Shit, how long had they been standing there? January extended her hands toward her sister’s bags in an effort to avoid the question. “Here, give me some of those.” As she took a few bags from her sister and proceeded up the steps, she glimpsed John over her shoulder.
He looked so much like his sister that her mind drifted to Stacy. In her heart, she kind of believed Stacy, with Andy’s help, could probably help solve her issues with her mother. Stacy could likely rip those contracts to shreds in court, eventually. But she didn’t have eventually and to go against her mother without victory in her grasp, well, there was foolish and then there was downright self-destructive. Gunning for Melody Thorne would make self-destructive look like a vacation in the Bahamas.
Plus, if she went against her, Augusta would find out everything, and she wouldn’t allow her sister to shoulder any more guilt. Not to mention their mother dragging Augusta’s perso
nal business out in public. She deserved a happy life, one without the bullshit her mother would bring. Besides, what’s ten years and one child in the grand scheme of things? She’d still be young; she could have a full, rich life…after.
“You’re one of those people, I see,” January quipped, nodding toward the gazillion bags in John’s hands. “A one trip or death person. Respect.” Anyone who knew John could have guessed he’d never make two trips for groceries, but she enjoyed ribbing him every chance she got.
John set his considerable burden on the counter with a sound of relief. January busied herself with putting away groceries in hopes he wouldn’t further question what she had said outside. She knew it was a long shot, but it looked like it might pay off as he turned toward her sister. Wrong.

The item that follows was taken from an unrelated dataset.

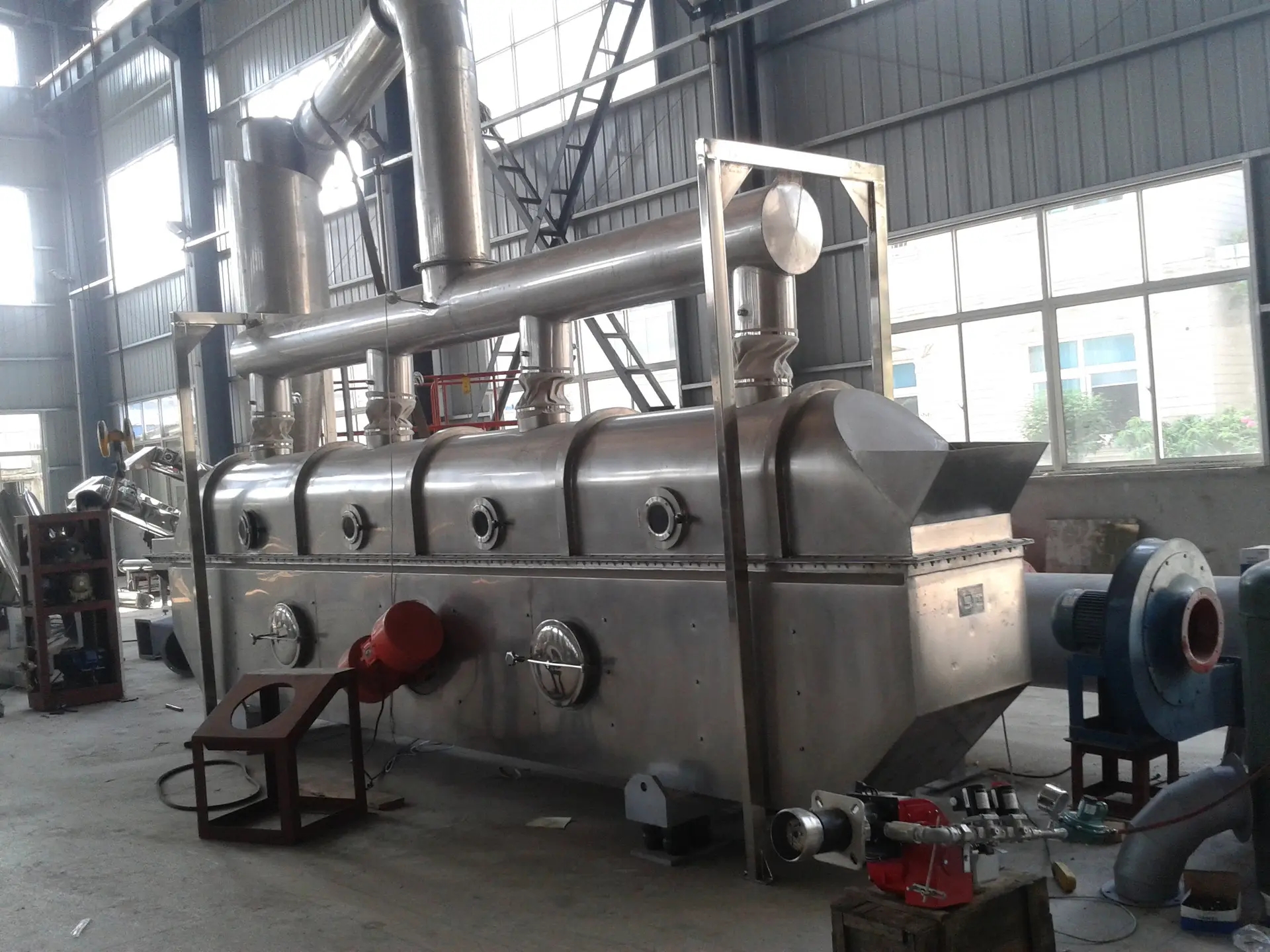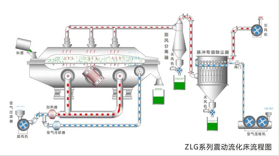 进料进口进入,在振动力作用下,物料沿水平面流化床抛掷
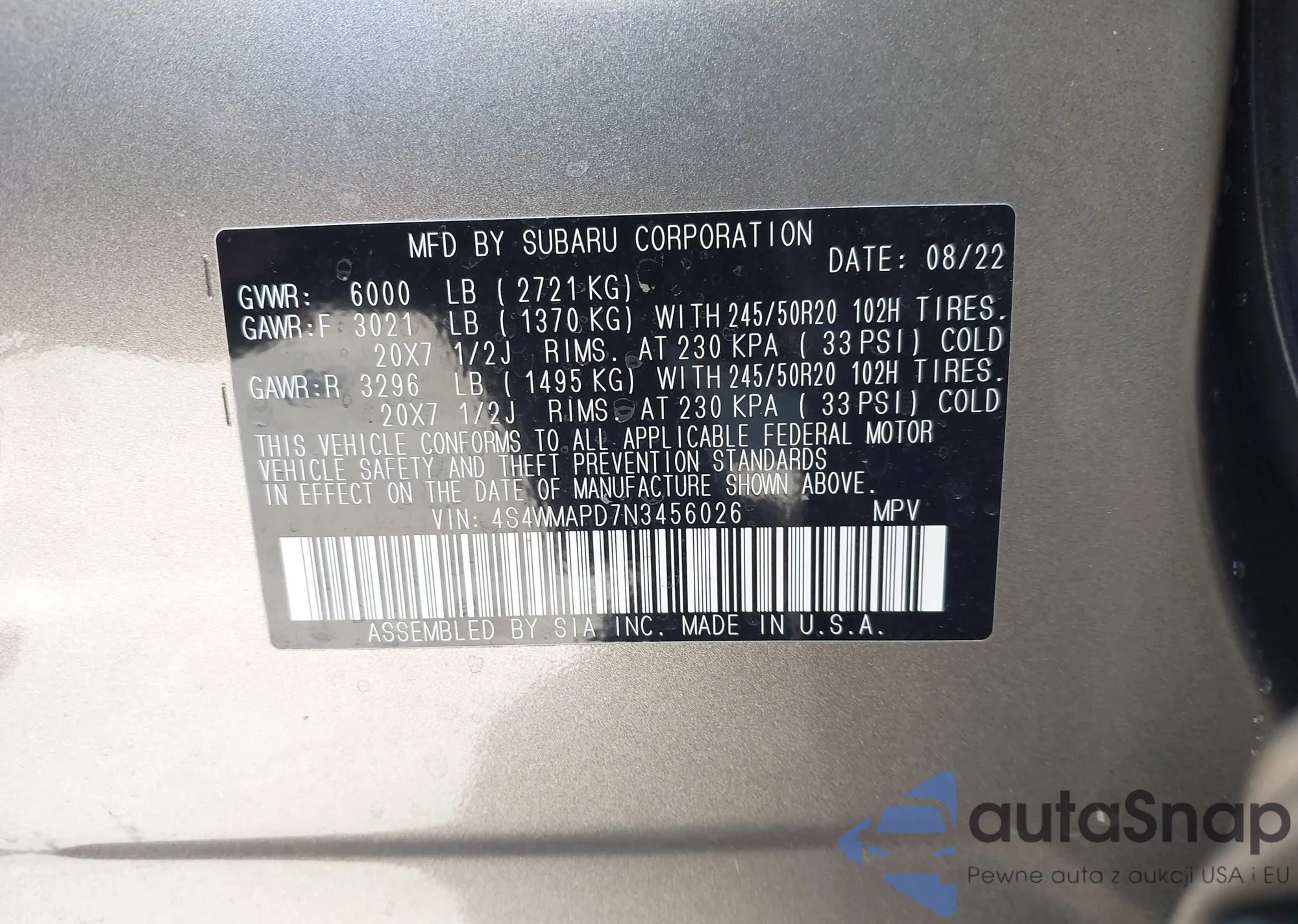 • VIN 4S4WMAPD7N3456026

He quickly turned back. “What was that—" Her sister saved her from having to answer by wrapping her arms around him and informing him he was going to be late. A glance at his watch produced a frustrated sound and a suspicious glance between the two of them.
But January was devastated; Gus hadn’t saved her but condemned her. She was no fool, and if the look she cast outside at John’s mention of a loan shark was an indicator, Gus knew exactly what January had been mumbling about.
John said his goodbyes and headed right back out the door. “Where’s he off to in such a hurry?” Maybe a diversionary tactic will work.
Sweet as Francis’ pecan pie, she answered, “He is off to the airfield to meet with Logan and…” Gus glanced at the door. Once she saw whatever it was she was looking for, presumably John gone and the door closed, she turned back with a fury and horror January had never witnessed before. Well, that’s not exactly true, she had seen it once before.